USA TODAY
Witnesses at a Senate hearing Thursday pinned much of the blame for California’s electricity crisis last year on Enron Corp.
Chaos in the state’s deregulated energy market produced scattered power outages. A year later, rolling blackouts are gone, but fallout persists: high utility bills, costly long-term supply contracts and political woes for Gov. Gray Davis.
“Enron played a key role in what happened to the people of California,” said Sen. Barbara Boxer, D-Calif., who arranged the hearing in Washington to put the spotlight on the energy company, which is in bankruptcy protection.
State Sen. Joe Dunn, a Democrat who heads an investigation by the California Legislature, said in testimony that Houston-based Enron falsely promised lower electricity prices for homeowners in lobbying for the 1996 law that partially deregulated California’s electric utilities. The law forced utilities to sell their generating plants to wholesalers, who were to compete in setting power prices. Enron became a middleman, brokering deals between wholesalers and utilities.
“The deregulation, led by Enron, has become perhaps the greatest fraud ever perpetrated on the American consumer,” Dunn said.
No Enron officials appeared at the Senate commerce committee hearing. Eric Thode, a company spokesman, said, “We have cooperated and will continue to cooperate with the committee’s investigation, as we have cooperated with numerous previous investigations which found that the market’s structure was the cause of California’s energy crisis, not Enron.”
Dunn said Enron worked to control market prices through “aggressive” trading that built a commanding inventory of electricity and natural gas, which many California power plants use to generate electricity.
Natural gas prices in California rose in December 2000 to five times as high as those at Texas wellheads. In April 2001, wholesale electricity was selling for $201 a megawatt-hour — a 528% increase from a year earlier. A megawatt-hour powers 750 homes for an hour.
Loretta Lynch, the chairwoman of the state’s Public Utilities Commission, said Enron manipulated prices by trading electricity among five of its affiliates. “These were sham transactions, causing the price to rise with each supposed sale,” she said.
S. David Freeman, chairman of California’s Consumer Power and Conservation Financing Authority, testified that Enron leaned on the Federal Energy Regulatory Commission not to step in when prices rose.
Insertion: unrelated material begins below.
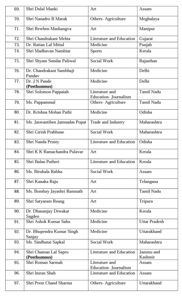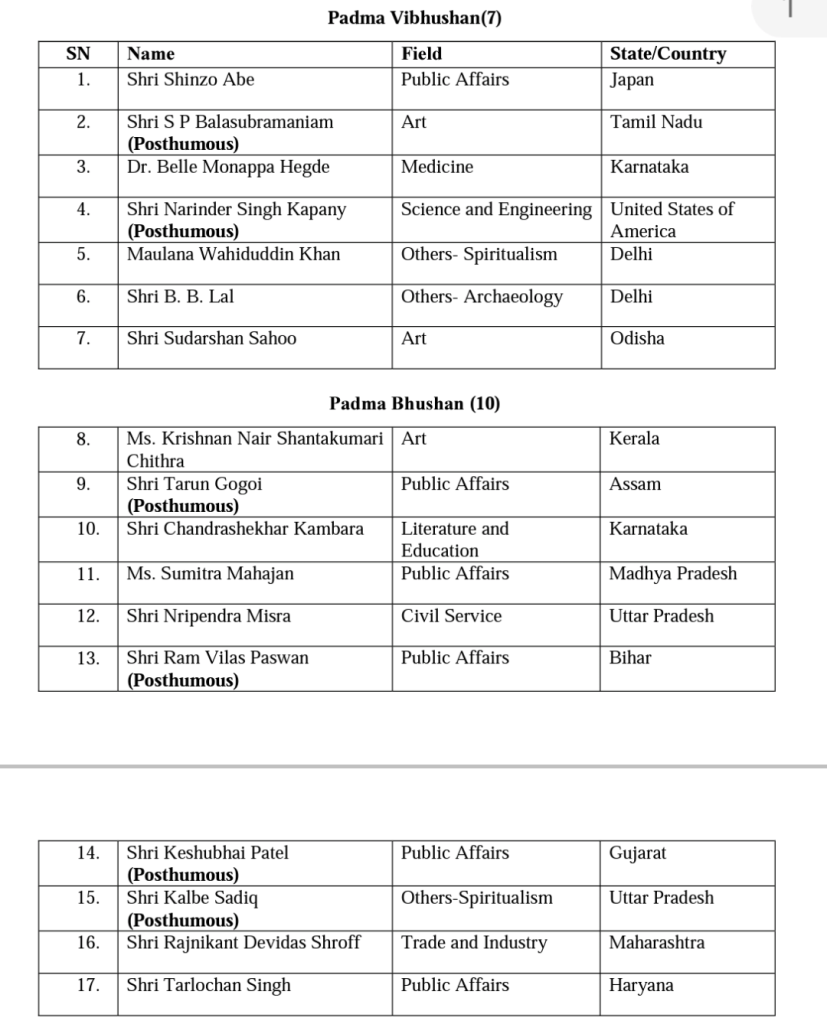The list of those being honoured with the Padma Awards comprises 7 Padma Vibhushan, 10 Padma Bhushan and 102 Padma Shri Awards. 29 of the awardees are women and the list also includes 10 persons from the category of Foreigners/NRI/PIO/OCI, 16 Posthumous awardees and 1 transgender awardee.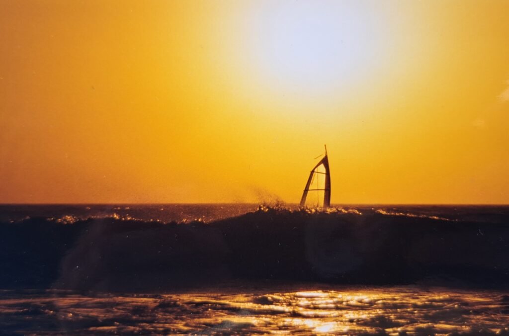Je suis né en 1977 du côté de Bordeaux. La planche à voile est apparue 9 ans plus tôt sous l’impulsion de James Drake et Hoyle Schweitzer. Pour ce sport, 77, c’est l’année d’une formidable évolution : apparition des footstraps, du harnais, 1errecord de vitesse homologué (17,1 nds !) et un Allemand qui débarque à Hawaii avec un engin qui ne flotte pas à l’arrêt et permet de surfer et sauter, le début d’une révolution !

After months of inaction, FERC imposed caps on the wholesale price of electricity in 11 Western states.
The mushrooming prices threatened California’s three major privately owned utilities with financial ruin. One, Pacific Gas and Electric, declared bankruptcy. The administration of Davis, a Democrat, spent $13 billion to buy high-priced electricity on the utilities’ behalf to end blackouts.
Passed along to consumers, the extra costs have added $40 to the average family’s monthly electricity bill, says Doug Heller of the Foundation for Taxpayer and Consumer Rights, an advocacy group in Santa Monica, Calif.
Last spring, the state signed 56 contracts with companies to pay $43 billion for power over 20 years. At the time, Davis said the average price of $70 a megawatt-hour was a bargain. But market prices have dropped to $30 with the price caps and the opening of new power plants. Republican Bill Simon Jr. has criticized the contracts as he campaigns to unseat Davis in November.
The state is trying to rewrite the contracts. Meanwhile, California Attorney General Bill Lockyer is investigating Enron‘s marketing practices. He also has filed civil complaints for damages against six other energy suppliers.